Entries supplied below:

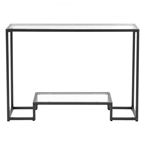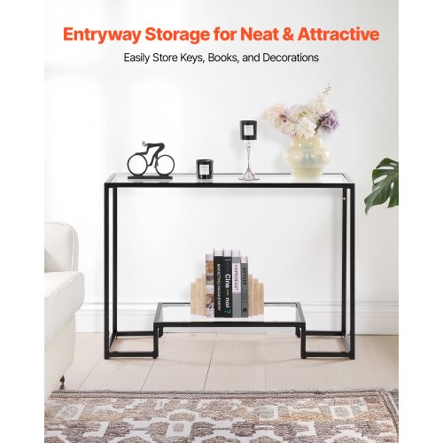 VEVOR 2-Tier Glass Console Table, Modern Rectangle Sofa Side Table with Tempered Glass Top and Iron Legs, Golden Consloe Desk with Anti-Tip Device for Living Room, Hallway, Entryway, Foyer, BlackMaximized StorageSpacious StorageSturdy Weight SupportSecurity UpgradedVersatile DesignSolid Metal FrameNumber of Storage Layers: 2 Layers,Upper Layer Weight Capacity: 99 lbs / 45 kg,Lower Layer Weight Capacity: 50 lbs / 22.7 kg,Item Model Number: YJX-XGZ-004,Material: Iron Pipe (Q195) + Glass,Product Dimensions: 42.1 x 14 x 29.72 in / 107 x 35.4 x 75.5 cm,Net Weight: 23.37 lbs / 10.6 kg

End of Entries supplied.
Entries supplied below:

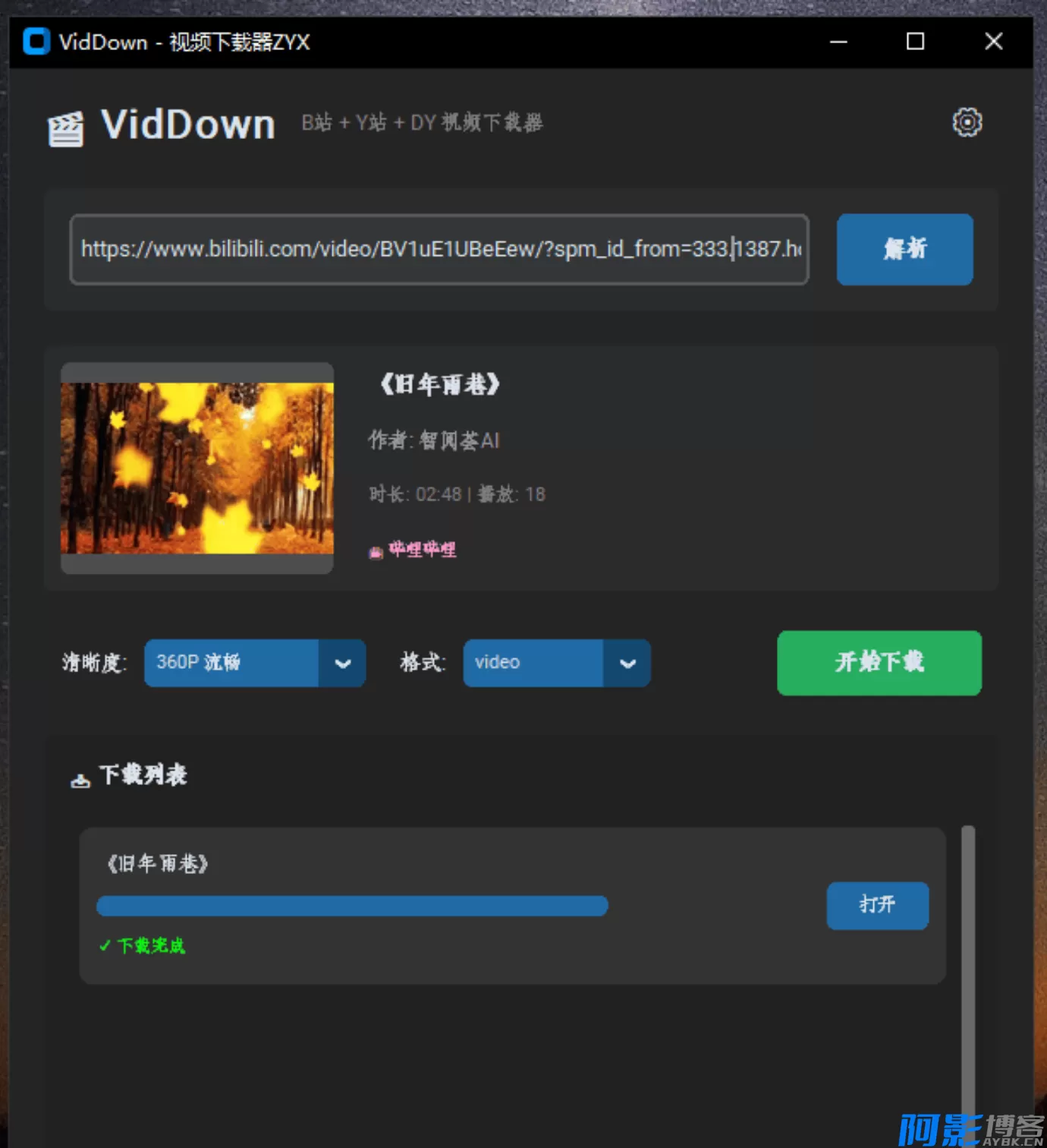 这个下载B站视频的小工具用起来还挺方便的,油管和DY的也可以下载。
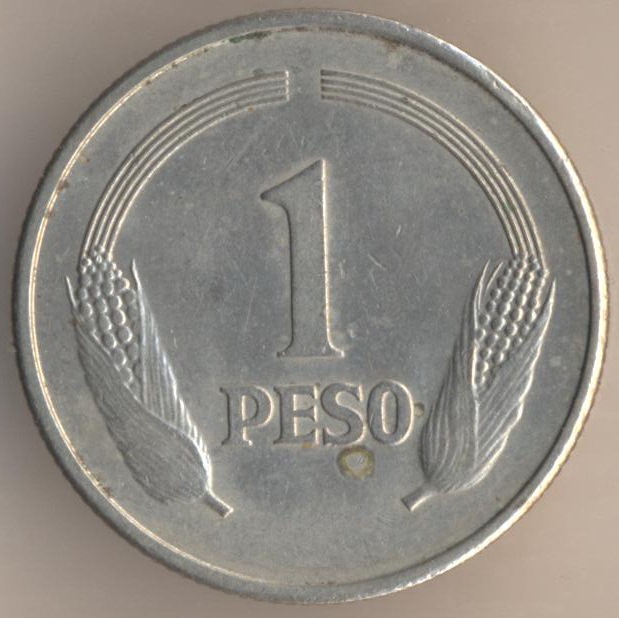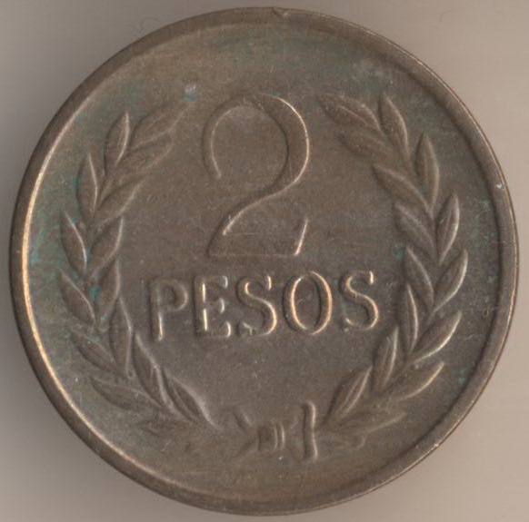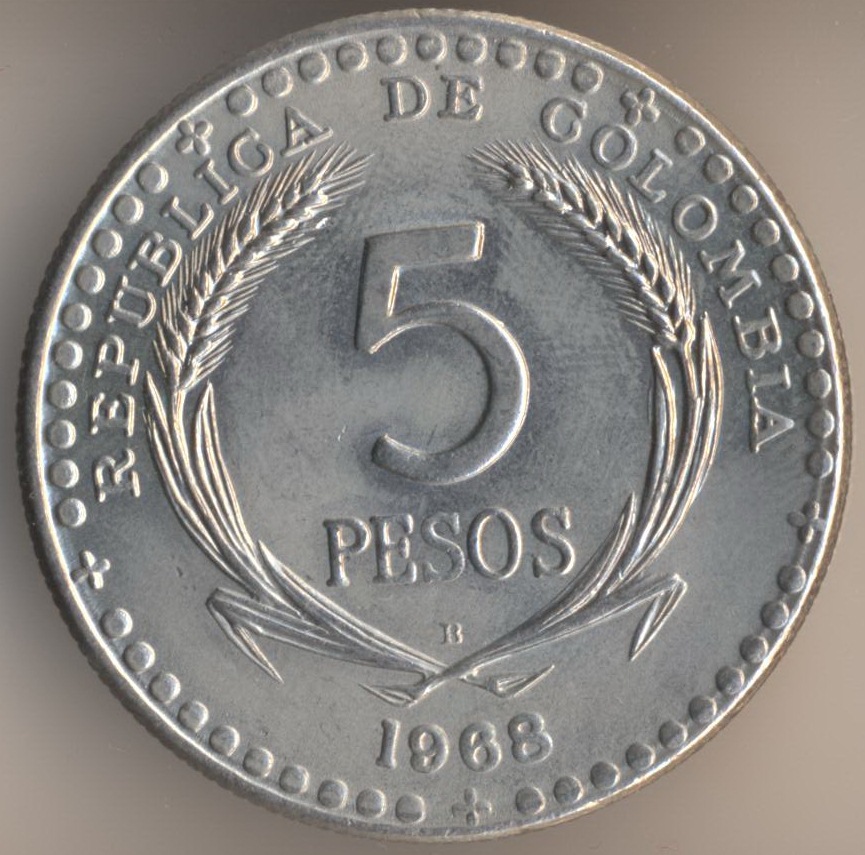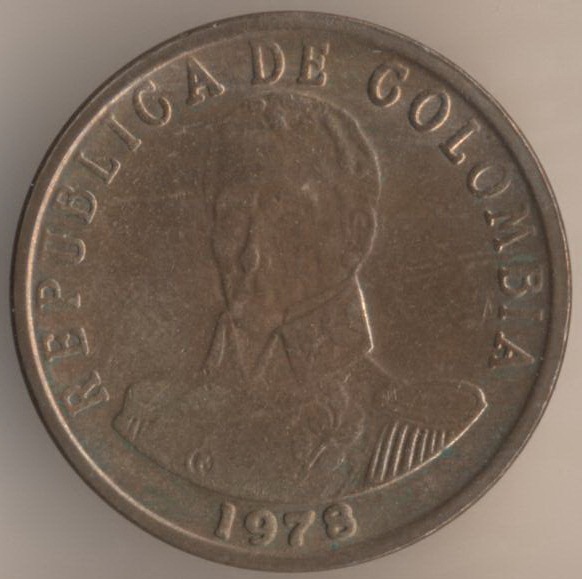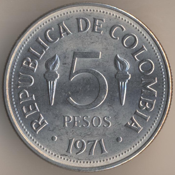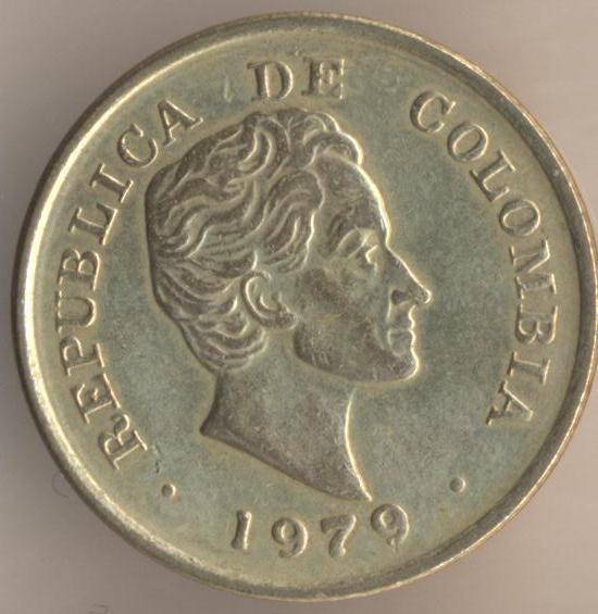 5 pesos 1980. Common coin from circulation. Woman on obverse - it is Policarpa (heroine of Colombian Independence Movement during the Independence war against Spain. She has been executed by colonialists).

End of Entries supplied.

### Work instruction
With the pictures removed, print only the lines starting at the line that has "这个下载B站视频的小工具用起来还挺方便的,油管和DY的也可以下载。" and ending at the line that has "5 pesos 1980.", both ends included, exactly as they stand above.

### Output of the task
 这个下载B站视频的小工具用起来还挺方便的,油管和DY的也可以下载。
 5 pesos 1980. Common coin from circulation. Woman on obverse - it is Policarpa (heroine of Colombian Independence Movement during the Independence war against Spain. She has been executed by colonialists).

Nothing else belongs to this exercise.